Top of Provided data
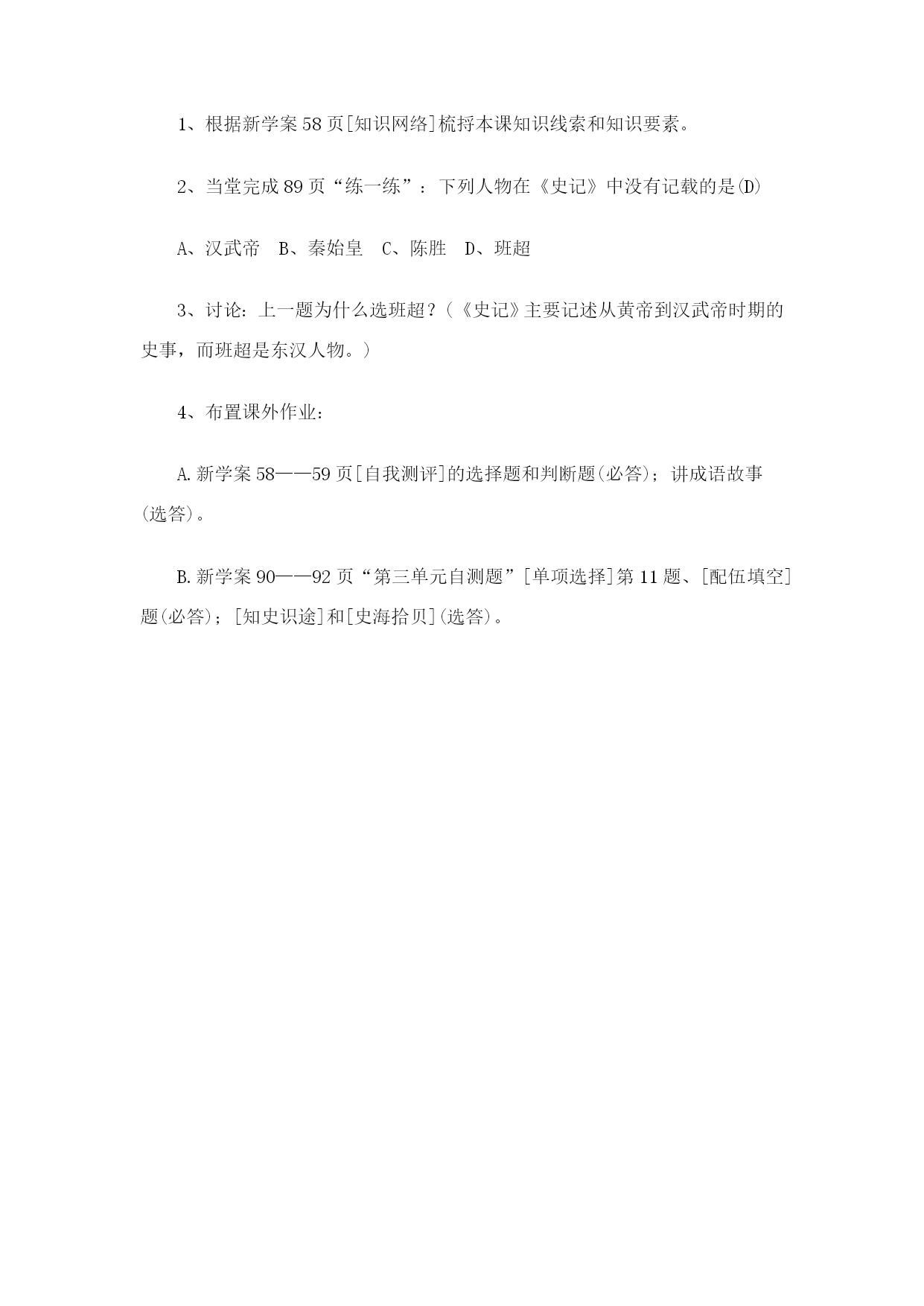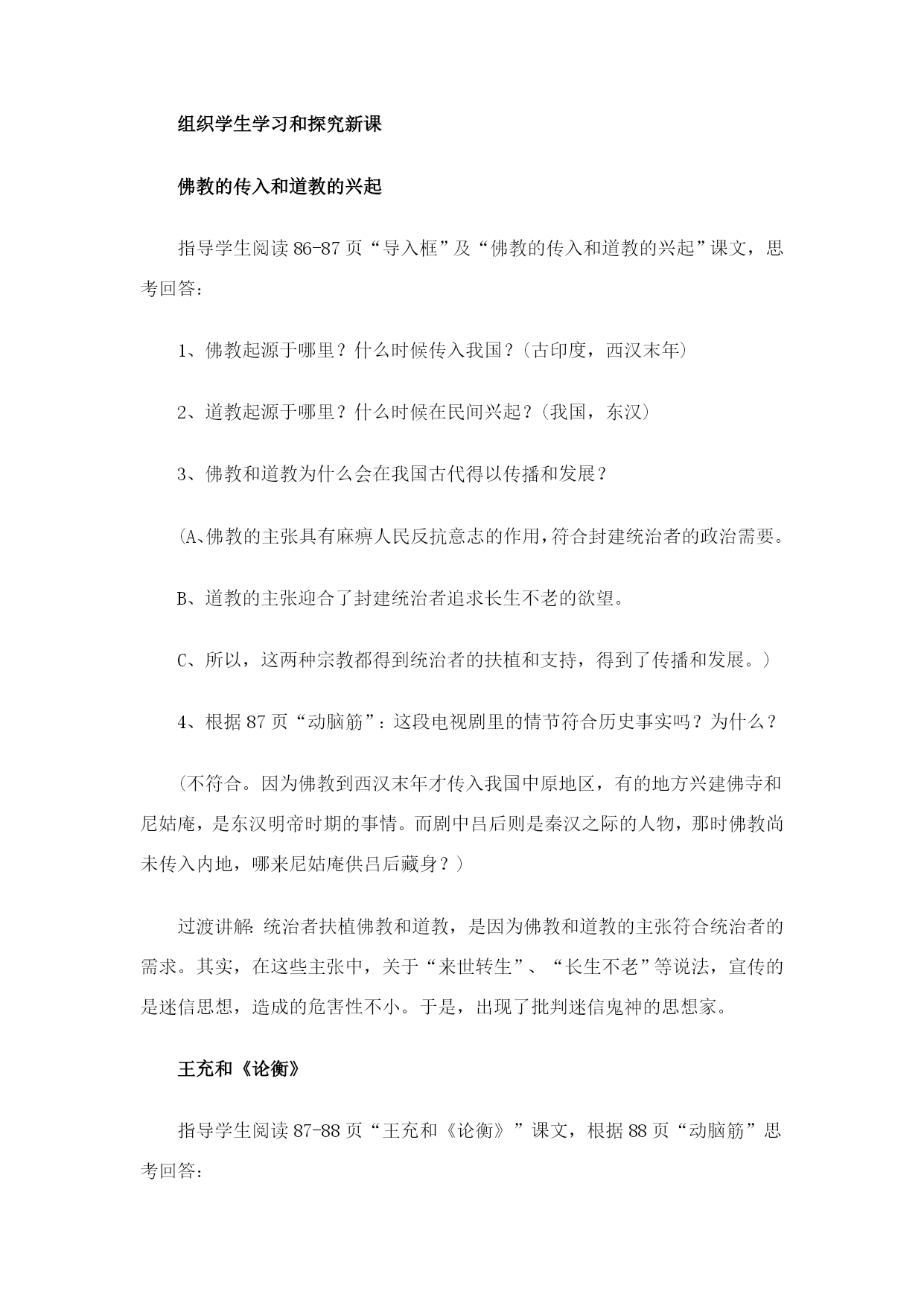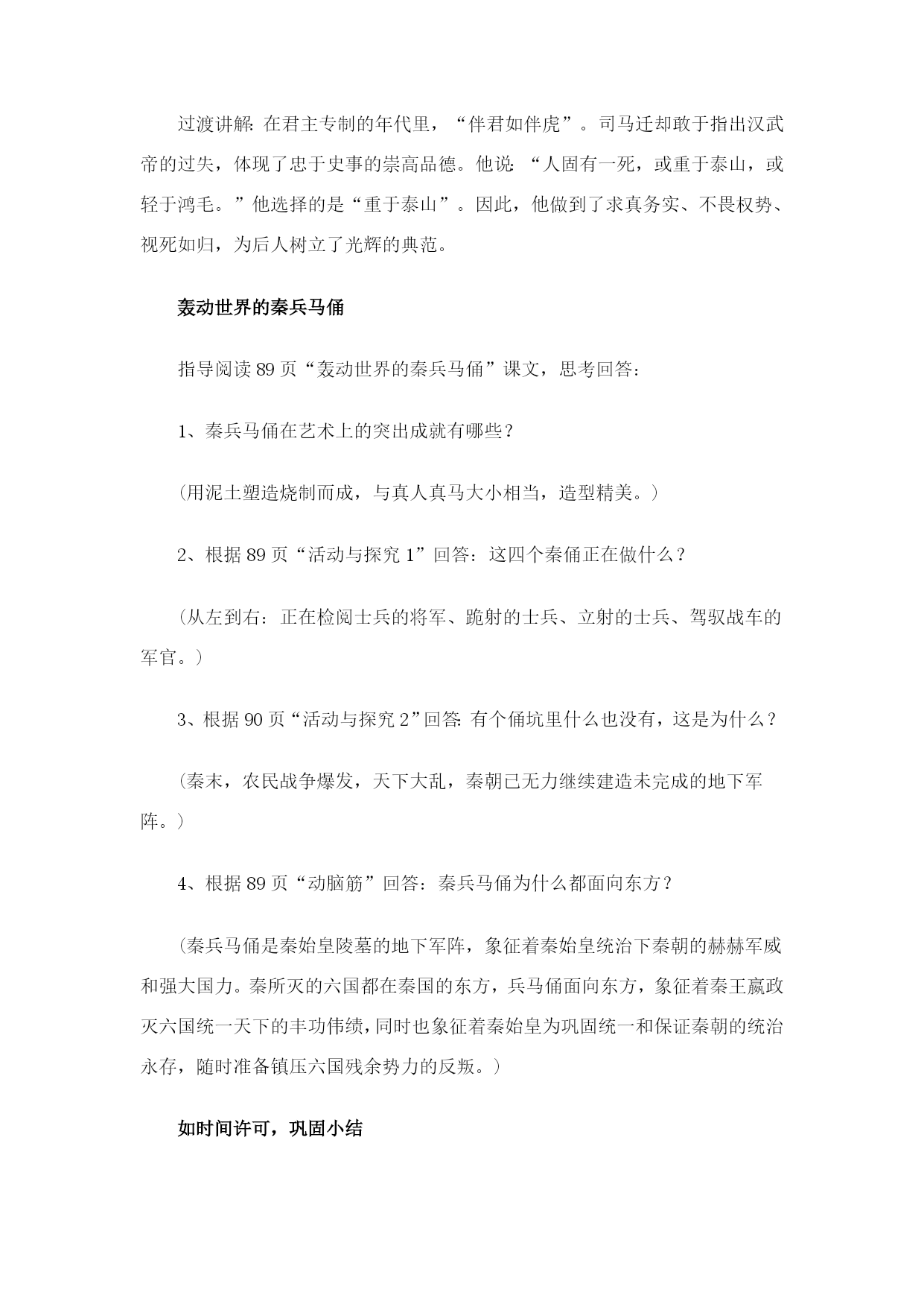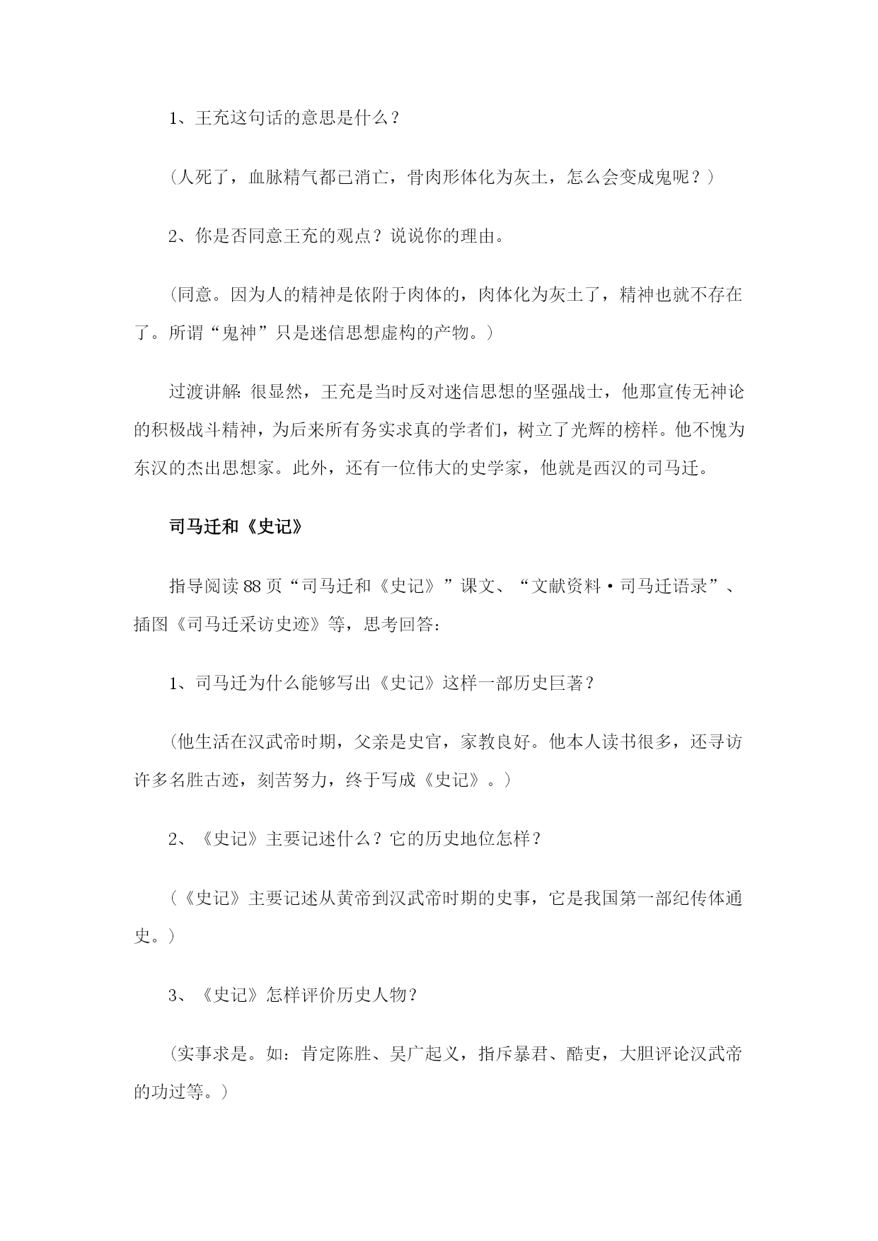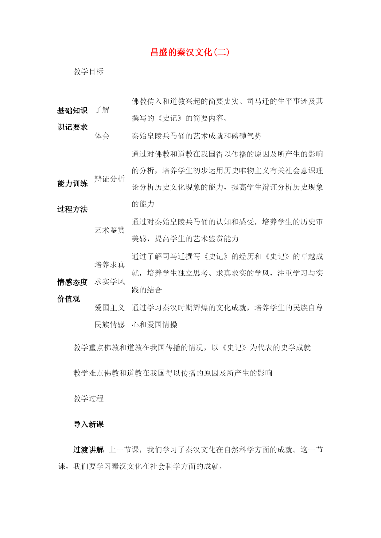 昌盛的秦汉文化(二) 教学目标 基础知识识记要求了解佛教传入和道教兴起的简要史实、司马迁的生平事迹及其撰写的《史记》的简要内容、体会秦始皇陵兵马俑的艺术成就和磅礴气势能力训练 过程方法辩证分析通过对佛教和道教在我国得以传播的原因及所产生的影响的分析,培养学生初步运用历史唯物主义有关社会意识理论分析历史文化现象的能力,提高学生辩证分析历史现象的能力艺术鉴赏通过对秦始皇陵兵马俑的认知和感受,培养学生的历史审美感,提高学生的艺术鉴赏能力情感态度价值观培养求真求实学风通过了解司马迁撰写《史记》的经历和《史记》的卓越成就,培养学生独立思考、求真求实的学风,注重学习与实践的结合爱国主义民族情感通过学习秦汉时期辉煌的文化成就,培养学生的民族自尊心和爱国情操教学重点佛教和道教在我国传播的情况,以《史记》为代表的史学成就 教学难点佛教和道教在我国得以传播的原因及所产生的影响 教学过程 导入新课 过渡讲解:上一节课,我们学习了秦汉文化在自然科学方面的成就。这一节课,我们要学习秦汉文化在社会科学方面的成就。 组织学生学习和探究新课 佛教的传入和道教的兴起 指导学生阅读86-87页“导入框”及“佛教的传入和道教的兴起”课文,思考回答: 1、佛教起源于哪里?什么时候传入我国?(古印度,西汉末年) 2、道教起源于哪里?什么时候在民间兴起?(我国,东汉) 3、佛教和道教为什么会在我国古代得以传播和发展? (A、佛教的主张具有麻痹人民反抗意志的作用,符合封建统治者的政治需要。 B、道教的主张迎合了封建统治者追求长生不老的欲望。 C、所以,这两种宗教都得到统治者的扶植和支持,得到了传播和发展。) 4、根据87页“动脑筋”:这段电视剧里的情节符合历史事实吗?为什么? (不符合。因为佛教到西汉末年才传入我国中原地区,有的地方兴建佛寺和尼姑庵,是东汉明帝时期的事情。而剧中吕后则是秦汉之际的人物,那时佛教尚未传入内地,哪来尼姑庵供吕后藏身?) 过渡讲解:统治者扶植佛教和道教,是因为佛教和道教的主张符合统治者的需求。其实,在这些主张中,关于“来世转生”、“长生不老”等说法,宣传的是迷信思想,造成的危害性不小。于是,出现了批判迷信鬼神的思想家。 王充和《论衡》 指导学生阅读87-88页“王充和《论衡》”课文,根据88页“动脑筋”思考回答: 1、王充这句话的意思是什么? (人死了,血脉精气都已消亡,骨肉形体化为灰土,怎么会变成鬼呢?) 2、你是否同意王充的观点?说说你的理由。 (同意。因为人的精神是依附于肉体的,肉体化为灰土了,精神也就不存在了。所谓“鬼神”只是迷信思想虚构的产物。) 过渡讲解:很显然,王充是当时反对迷信思想的坚强战士,他那宣传无神论的积极战斗精神,为后来所有务实求真的学者们,树立了光辉的榜样。他不愧为东汉的杰出思想家。此外,还有一位伟大的史学家,他就是西汉的司马迁。 司马迁和《史记》 指导阅读88页“司马迁和《史记》”课文、“文献资料·司马迁语录”、插图《司马迁采访史迹》等,思考回答: 1、司马迁为什么能够写出《史记》这样一部历史巨著? (他生活在汉武帝时期,父亲是史官,家教良好。他本人读书很多,还寻访许多名胜古迹,刻苦努力,终于写成《史记》。) 2、《史记》主要记述什么?它的历史地位怎样? (《史记》主要记述从黄帝到汉武帝时期的史事,它是我国第一部纪传体通史。) 3、《史记》怎样评价历史人物? (实事求是。如:肯定陈胜、吴广起义,指斥暴君、酷吏,大胆评论汉武帝的功过等。) 过渡讲解:在君主专制的年代里,“伴君如伴虎”。司马迁却敢于指出汉武帝的过失,体现了忠于史事的崇高品德。他说:“人固有一死,或重于泰山,或轻于鸿毛。”他选择的是“重于泰山”。因此,他做到了求真务实、不畏权势、视死如归,为后人树立了光辉的典范。 轰动世界的秦兵马俑 指导阅读89页“轰动世界的秦兵马俑”课文,思考回答: 1、秦兵马俑在艺术上的突出成就有哪些? (用泥土塑造烧制而成,与真人真马大小相当,造型精美。) 2、根据89页“活动与探究1”回答:这四个秦俑正在做什么? (从左到右:正在检阅士兵的将军、跪射的士兵、立射的士兵、驾驭战车的军官。) 3、根据90页“活动与探究2”回答:有个俑坑里什么也没有,这是为什么? (秦末,农民战争爆发,天下大乱,秦朝已无力继续建造未完成的地下军阵。) 4、根据89页“动脑筋”回答:秦兵马俑为什么都面向东方? (秦兵马俑是秦始皇陵墓的地下军阵,象征着秦始皇统治下秦朝的赫赫军威和强大国力。秦所灭的六国都在秦国的东方,兵马俑面向东方,象征着秦王嬴政灭六国统一天下的丰功伟绩,同时也象征着秦始皇为巩固统一和保证秦朝的统治永存,随时准备镇压六国残余势力的反叛。) 如时间许可,巩固小结 1、根据新学案58页[知识网络]梳捋本课知识线索和知识要素。 2、当堂完成89页“
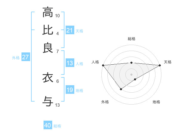 高比良 衣与さんの天格は21画の5点!
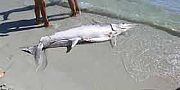 Il pesce spada spiaggiato, di un metro e mezzo circa, è stato notato da alcuni bagnanti: «era sventrato e con un grosso taglio sul dorso» lo ha descritto uno di loro che ha inviato la foto al Quotidiano di Alghero
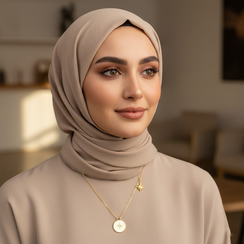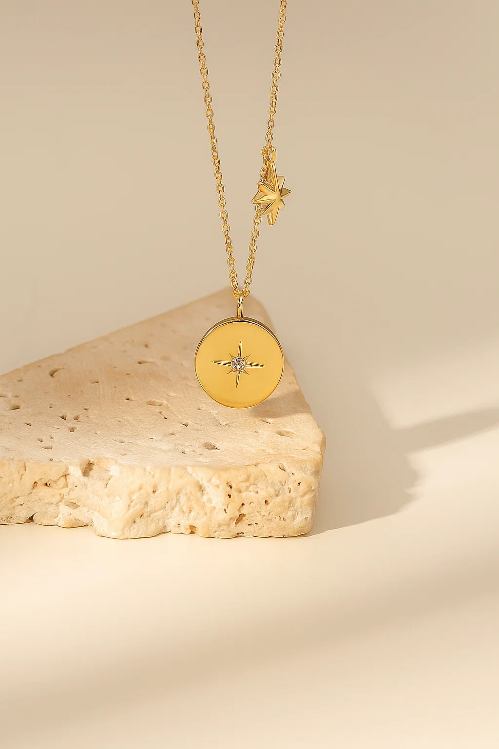 🌟 Round medallion pendant with compass star engraving and crystal detail
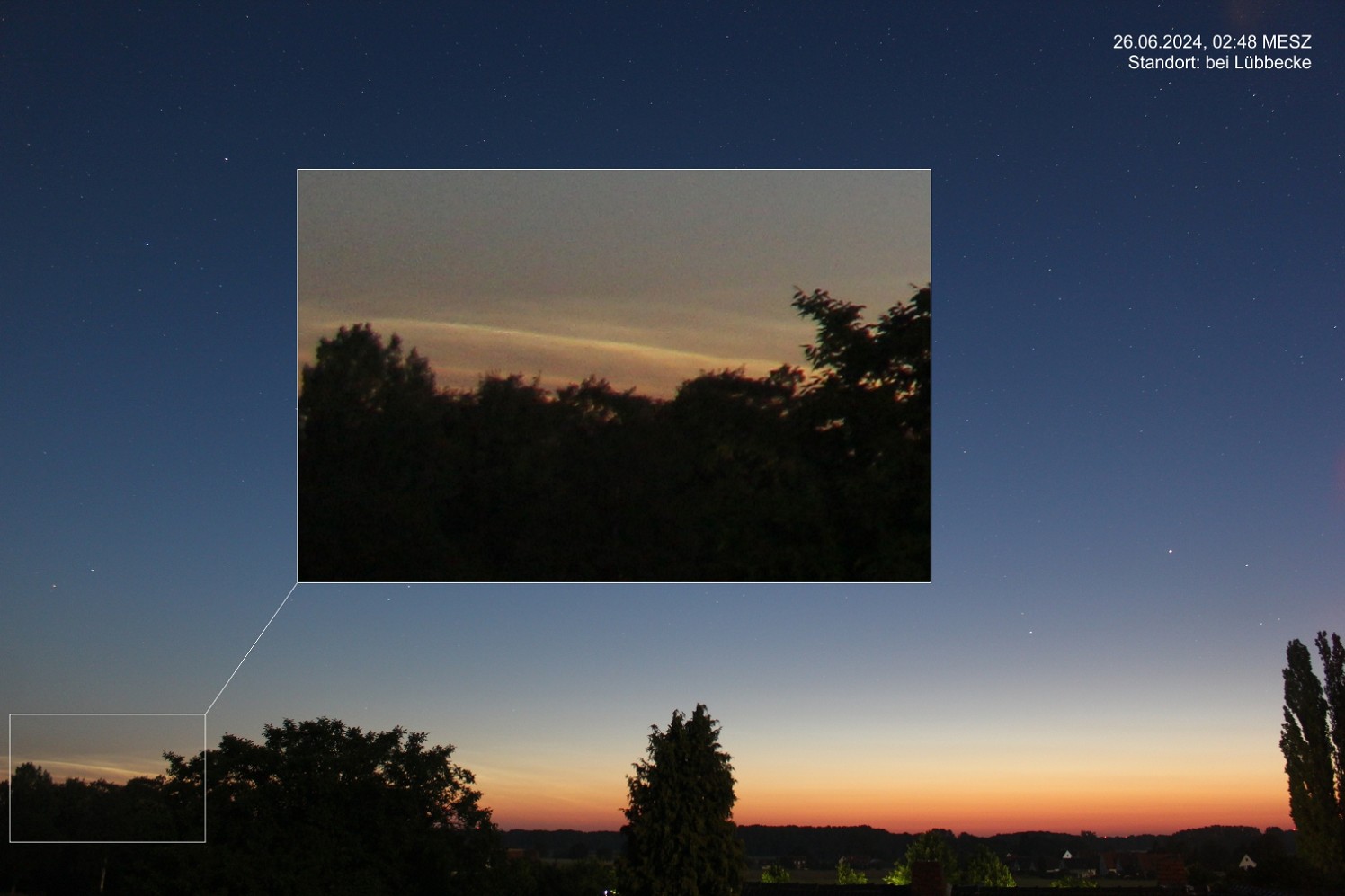 wie es die wolkenfreie Nacht so möglich gemacht hat, waren die NLCs auch auf ca. 52.3°N bei Lübbecke nachzuweisen:
Bottom of Provided data
Problem requirements: Above are the records; give them all again exactly, apart from the pictures.

Final answer:
 昌盛的秦汉文化(二) 教学目标 基础知识识记要求了解佛教传入和道教兴起的简要史实、司马迁的生平事迹及其撰写的《史记》的简要内容、体会秦始皇陵兵马俑的艺术成就和磅礴气势能力训练 过程方法辩证分析通过对佛教和道教在我国得以传播的原因及所产生的影响的分析,培养学生初步运用历史唯物主义有关社会意识理论分析历史文化现象的能力,提高学生辩证分析历史现象的能力艺术鉴赏通过对秦始皇陵兵马俑的认知和感受,培养学生的历史审美感,提高学生的艺术鉴赏能力情感态度价值观培养求真求实学风通过了解司马迁撰写《史记》的经历和《史记》的卓越成就,培养学生独立思考、求真求实的学风,注重学习与实践的结合爱国主义民族情感通过学习秦汉时期辉煌的文化成就,培养学生的民族自尊心和爱国情操教学重点佛教和道教在我国传播的情况,以《史记》为代表的史学成就 教学难点佛教和道教在我国得以传播的原因及所产生的影响 教学过程 导入新课 过渡讲解:上一节课,我们学习了秦汉文化在自然科学方面的成就。这一节课,我们要学习秦汉文化在社会科学方面的成就。 组织学生学习和探究新课 佛教的传入和道教的兴起 指导学生阅读86-87页“导入框”及“佛教的传入和道教的兴起”课文,思考回答: 1、佛教起源于哪里?什么时候传入我国?(古印度,西汉末年) 2、道教起源于哪里?什么时候在民间兴起?(我国,东汉) 3、佛教和道教为什么会在我国古代得以传播和发展? (A、佛教的主张具有麻痹人民反抗意志的作用,符合封建统治者的政治需要。 B、道教的主张迎合了封建统治者追求长生不老的欲望。 C、所以,这两种宗教都得到统治者的扶植和支持,得到了传播和发展。) 4、根据87页“动脑筋”:这段电视剧里的情节符合历史事实吗?为什么? (不符合。因为佛教到西汉末年才传入我国中原地区,有的地方兴建佛寺和尼姑庵,是东汉明帝时期的事情。而剧中吕后则是秦汉之际的人物,那时佛教尚未传入内地,哪来尼姑庵供吕后藏身?) 过渡讲解:统治者扶植佛教和道教,是因为佛教和道教的主张符合统治者的需求。其实,在这些主张中,关于“来世转生”、“长生不老”等说法,宣传的是迷信思想,造成的危害性不小。于是,出现了批判迷信鬼神的思想家。 王充和《论衡》 指导学生阅读87-88页“王充和《论衡》”课文,根据88页“动脑筋”思考回答: 1、王充这句话的意思是什么? (人死了,血脉精气都已消亡,骨肉形体化为灰土,怎么会变成鬼呢?) 2、你是否同意王充的观点?说说你的理由。 (同意。因为人的精神是依附于肉体的,肉体化为灰土了,精神也就不存在了。所谓“鬼神”只是迷信思想虚构的产物。) 过渡讲解:很显然,王充是当时反对迷信思想的坚强战士,他那宣传无神论的积极战斗精神,为后来所有务实求真的学者们,树立了光辉的榜样。他不愧为东汉的杰出思想家。此外,还有一位伟大的史学家,他就是西汉的司马迁。 司马迁和《史记》 指导阅读88页“司马迁和《史记》”课文、“文献资料·司马迁语录”、插图《司马迁采访史迹》等,思考回答: 1、司马迁为什么能够写出《史记》这样一部历史巨著? (他生活在汉武帝时期,父亲是史官,家教良好。他本人读书很多,还寻访许多名胜古迹,刻苦努力,终于写成《史记》。) 2、《史记》主要记述什么?它的历史地位怎样? (《史记》主要记述从黄帝到汉武帝时期的史事,它是我国第一部纪传体通史。) 3、《史记》怎样评价历史人物? (实事求是。如:肯定陈胜、吴广起义,指斥暴君、酷吏,大胆评论汉武帝的功过等。) 过渡讲解:在君主专制的年代里,“伴君如伴虎”。司马迁却敢于指出汉武帝的过失,体现了忠于史事的崇高品德。他说:“人固有一死,或重于泰山,或轻于鸿毛。”他选择的是“重于泰山”。因此,他做到了求真务实、不畏权势、视死如归,为后人树立了光辉的典范。 轰动世界的秦兵马俑 指导阅读89页“轰动世界的秦兵马俑”课文,思考回答: 1、秦兵马俑在艺术上的突出成就有哪些? (用泥土塑造烧制而成,与真人真马大小相当,造型精美。) 2、根据89页“活动与探究1”回答:这四个秦俑正在做什么? (从左到右:正在检阅士兵的将军、跪射的士兵、立射的士兵、驾驭战车的军官。) 3、根据90页“活动与探究2”回答:有个俑坑里什么也没有,这是为什么? (秦末,农民战争爆发,天下大乱,秦朝已无力继续建造未完成的地下军阵。) 4、根据89页“动脑筋”回答:秦兵马俑为什么都面向东方? (秦兵马俑是秦始皇陵墓的地下军阵,象征着秦始皇统治下秦朝的赫赫军威和强大国力。秦所灭的六国都在秦国的东方,兵马俑面向东方,象征着秦王嬴政灭六国统一天下的丰功伟绩,同时也象征着秦始皇为巩固统一和保证秦朝的统治永存,随时准备镇压六国残余势力的反叛。) 如时间许可,巩固小结 1、根据新学案58页[知识网络]梳捋本课知识线索和知识要素。 2、当堂完成89页“
 高比良 衣与さんの天格は21画の5点!
 Il pesce spada spiaggiato, di un metro e mezzo circa, è stato notato da alcuni bagnanti: «era sventrato e con un grosso taglio sul dorso» lo ha descritto uno di loro che ha inviato la foto al Quotidiano di Alghero
 🌟 Round medallion pendant with compass star engraving and crystal detail
 wie es die wolkenfreie Nacht so möglich gemacht hat, waren die NLCs auch auf ca. 52.3°N bei Lübbecke nachzuweisen:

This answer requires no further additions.